**WHAT IS NEEDED**
Would you please repeat, word for word, only the lines from the one holding "Powerful Karaoke Machine" through the one holding "Study area: sub-regions" in the material below, without the pictures?

**SUPPLIED ENTRIES**
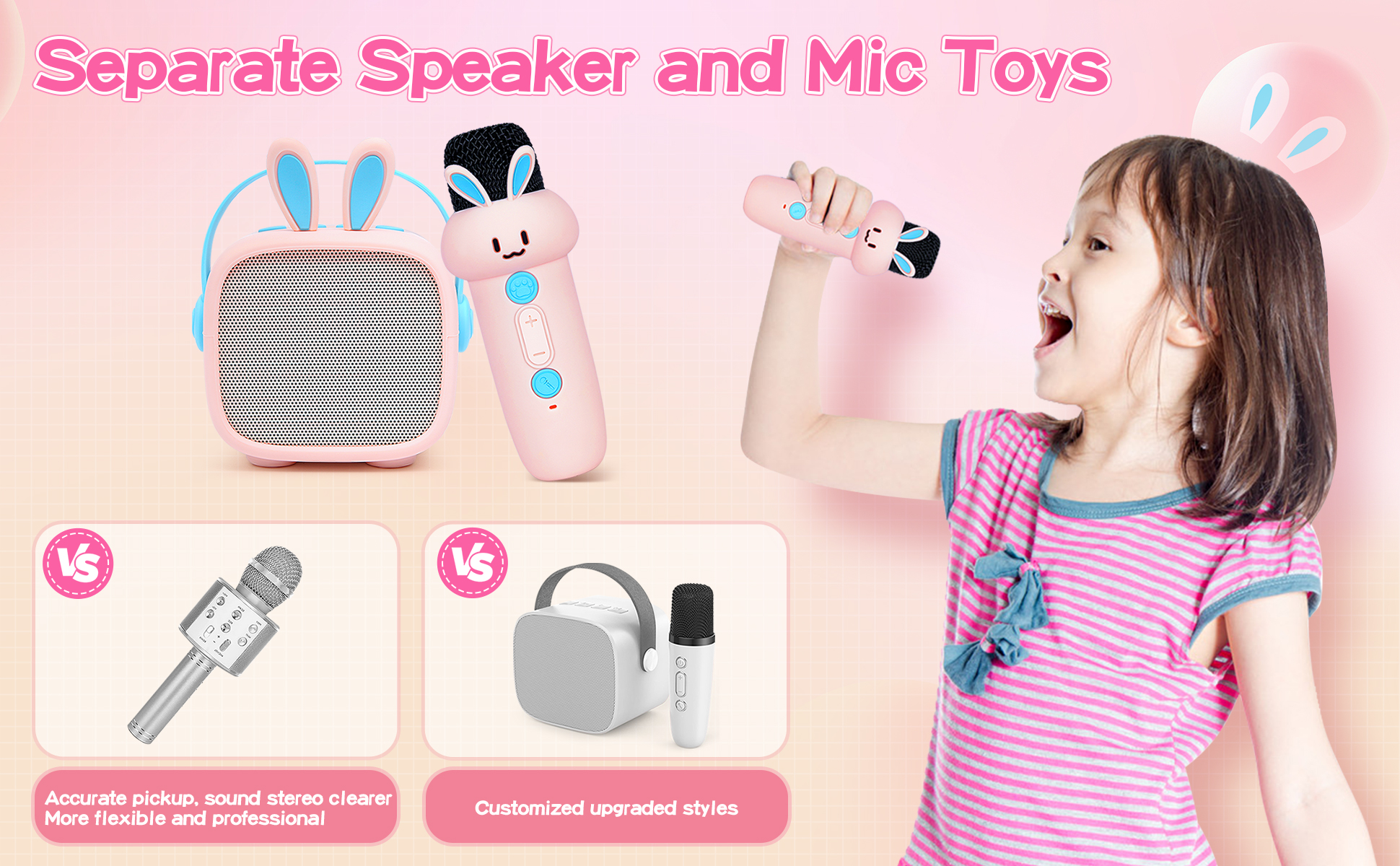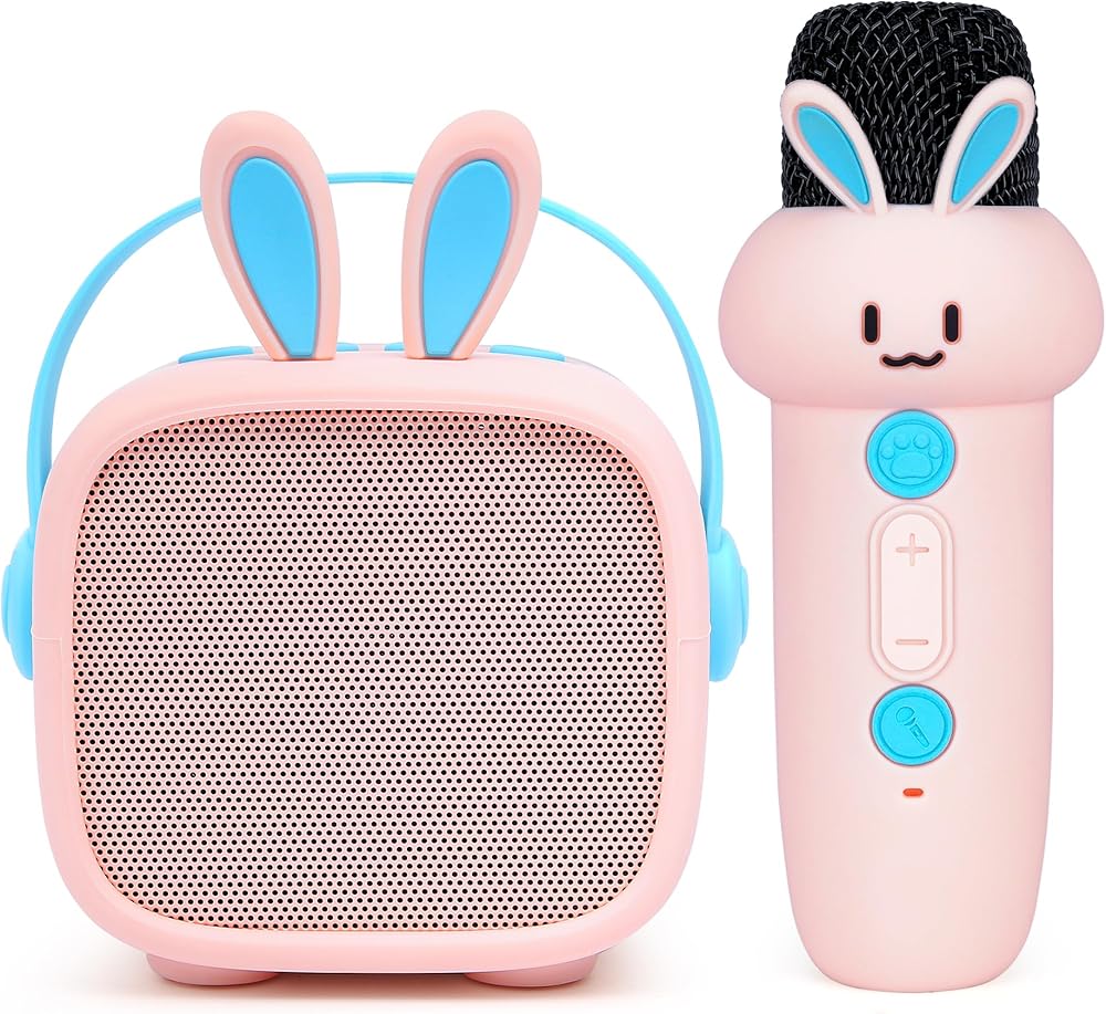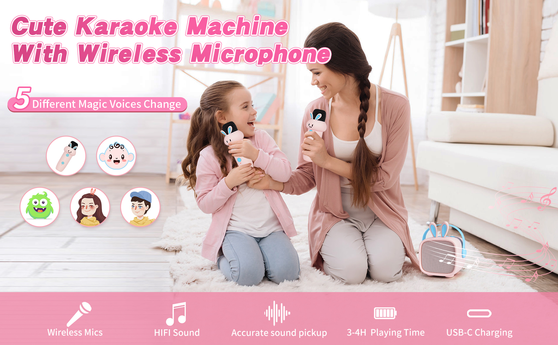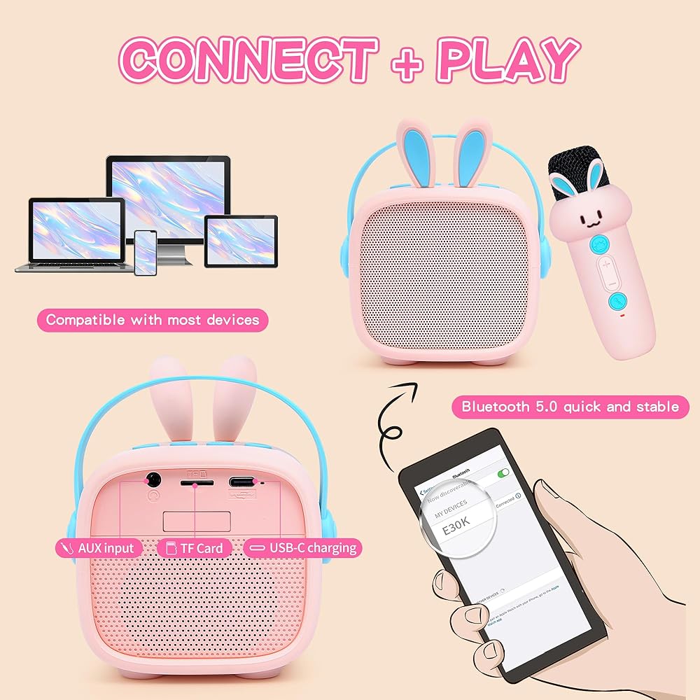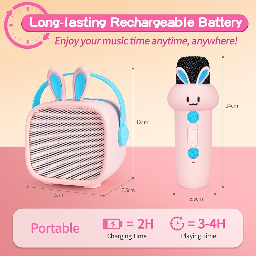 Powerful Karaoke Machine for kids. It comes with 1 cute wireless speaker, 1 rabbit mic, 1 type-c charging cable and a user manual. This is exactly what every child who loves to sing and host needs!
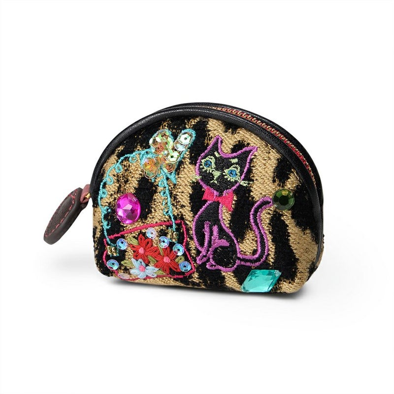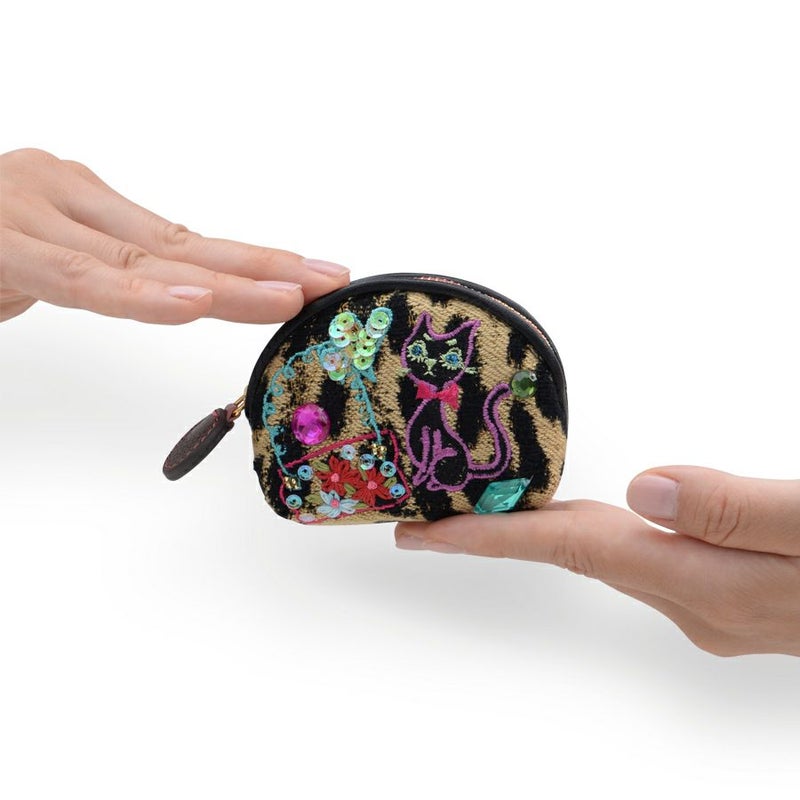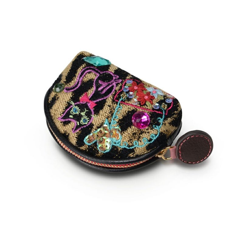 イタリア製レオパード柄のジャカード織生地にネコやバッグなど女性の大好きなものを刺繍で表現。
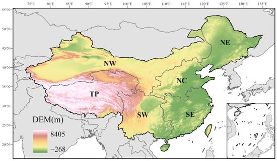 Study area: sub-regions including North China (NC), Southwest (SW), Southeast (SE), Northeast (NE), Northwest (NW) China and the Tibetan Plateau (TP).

...

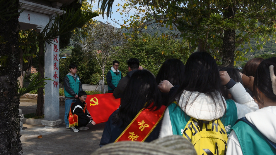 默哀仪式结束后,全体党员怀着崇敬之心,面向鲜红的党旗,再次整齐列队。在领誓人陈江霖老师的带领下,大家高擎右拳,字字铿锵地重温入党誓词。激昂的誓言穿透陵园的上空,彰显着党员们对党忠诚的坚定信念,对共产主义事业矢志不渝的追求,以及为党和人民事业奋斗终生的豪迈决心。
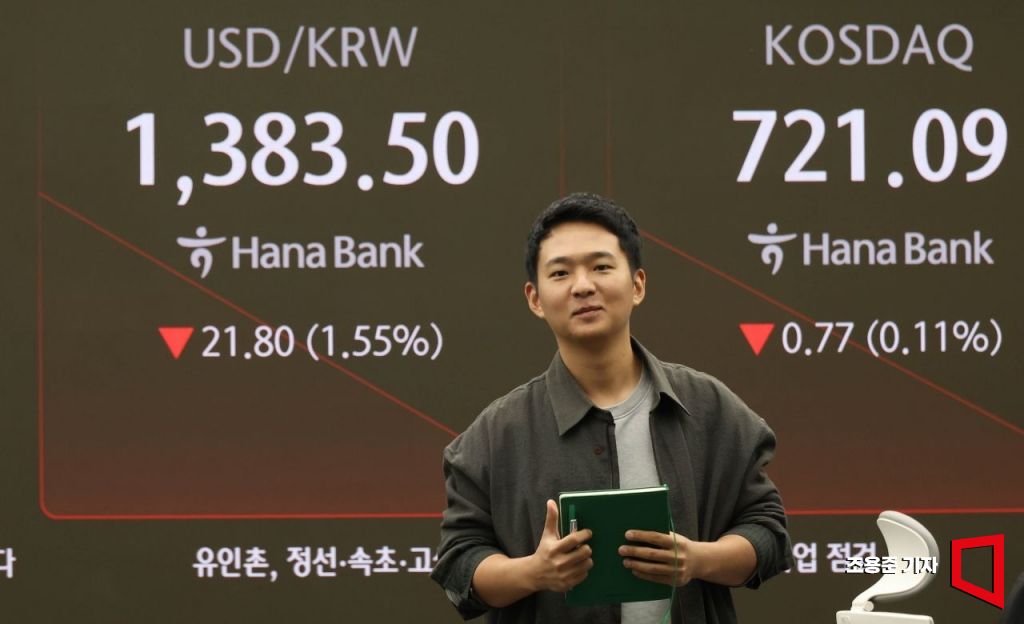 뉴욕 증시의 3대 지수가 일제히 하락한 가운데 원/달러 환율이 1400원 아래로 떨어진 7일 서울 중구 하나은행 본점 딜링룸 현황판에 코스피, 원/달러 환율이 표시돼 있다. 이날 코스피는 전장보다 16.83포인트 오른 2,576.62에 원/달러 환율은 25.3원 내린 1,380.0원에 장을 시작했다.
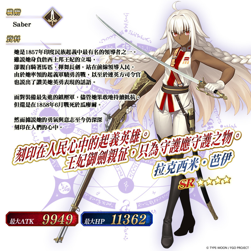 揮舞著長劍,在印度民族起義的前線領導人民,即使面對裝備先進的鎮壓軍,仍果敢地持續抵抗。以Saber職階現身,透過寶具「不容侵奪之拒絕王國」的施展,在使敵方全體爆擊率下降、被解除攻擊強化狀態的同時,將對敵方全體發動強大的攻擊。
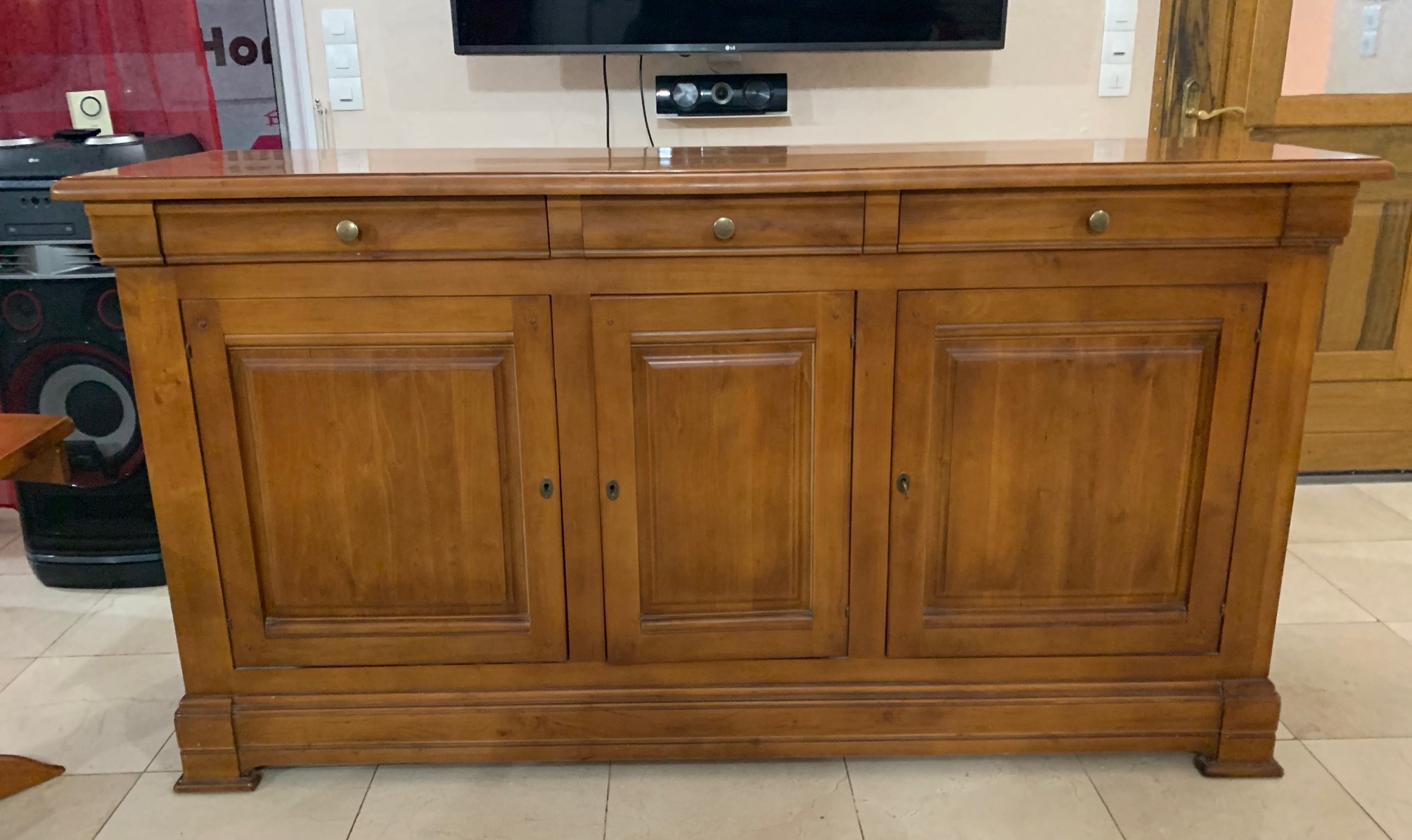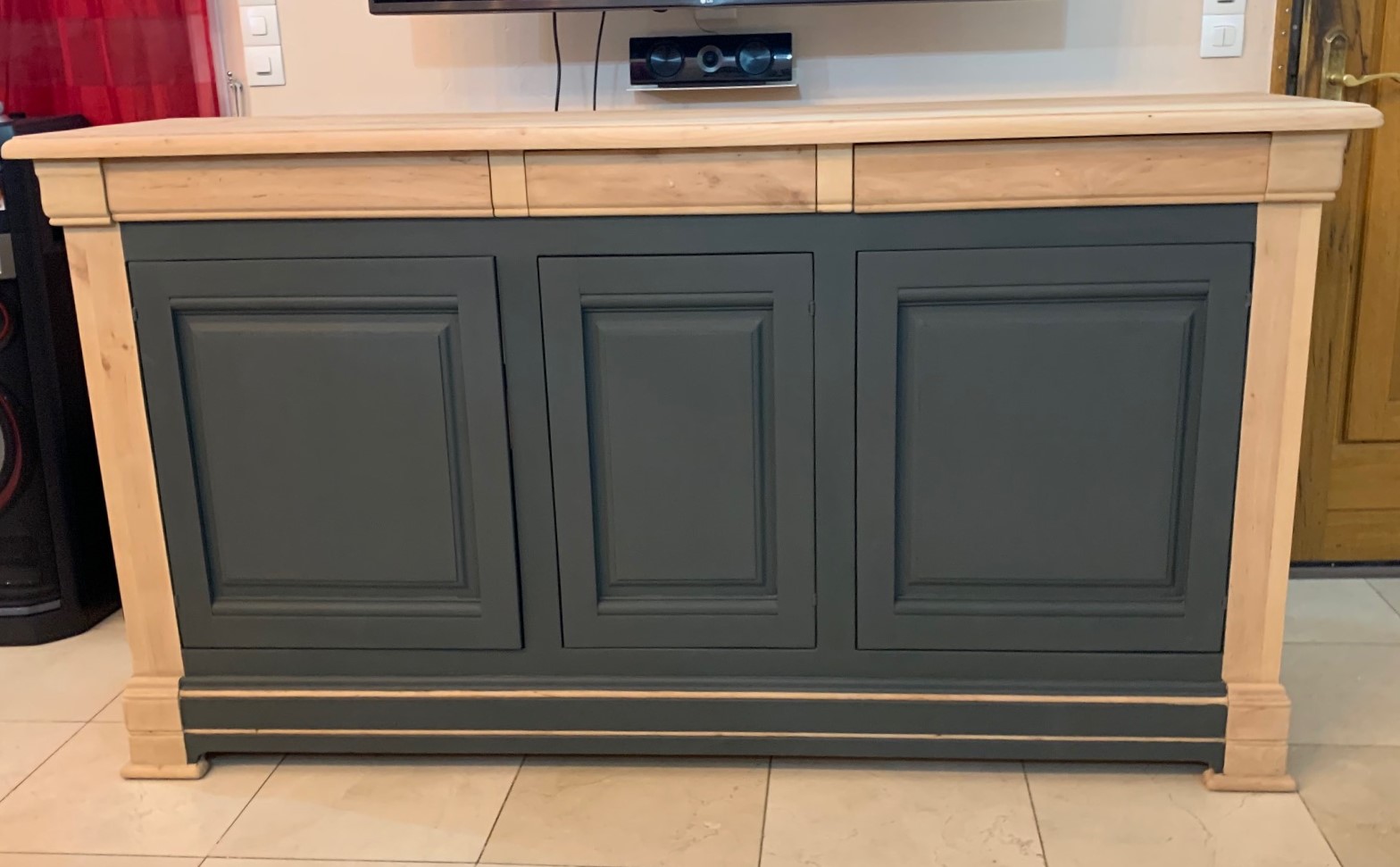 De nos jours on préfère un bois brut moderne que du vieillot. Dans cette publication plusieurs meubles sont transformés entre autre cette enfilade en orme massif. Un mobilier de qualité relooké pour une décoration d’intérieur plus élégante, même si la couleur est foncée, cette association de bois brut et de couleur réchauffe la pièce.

**RESULT**
 Powerful Karaoke Machine for kids. It comes with 1 cute wireless speaker, 1 rabbit mic, 1 type-c charging cable and a user manual. This is exactly what every child who loves to sing and host needs!
 イタリア製レオパード柄のジャカード織生地にネコやバッグなど女性の大好きなものを刺繍で表現。
 Study area: sub-regions including North China (NC), Southwest (SW), Southeast (SE), Northeast (NE), Northwest (NW) China and the Tibetan Plateau (TP).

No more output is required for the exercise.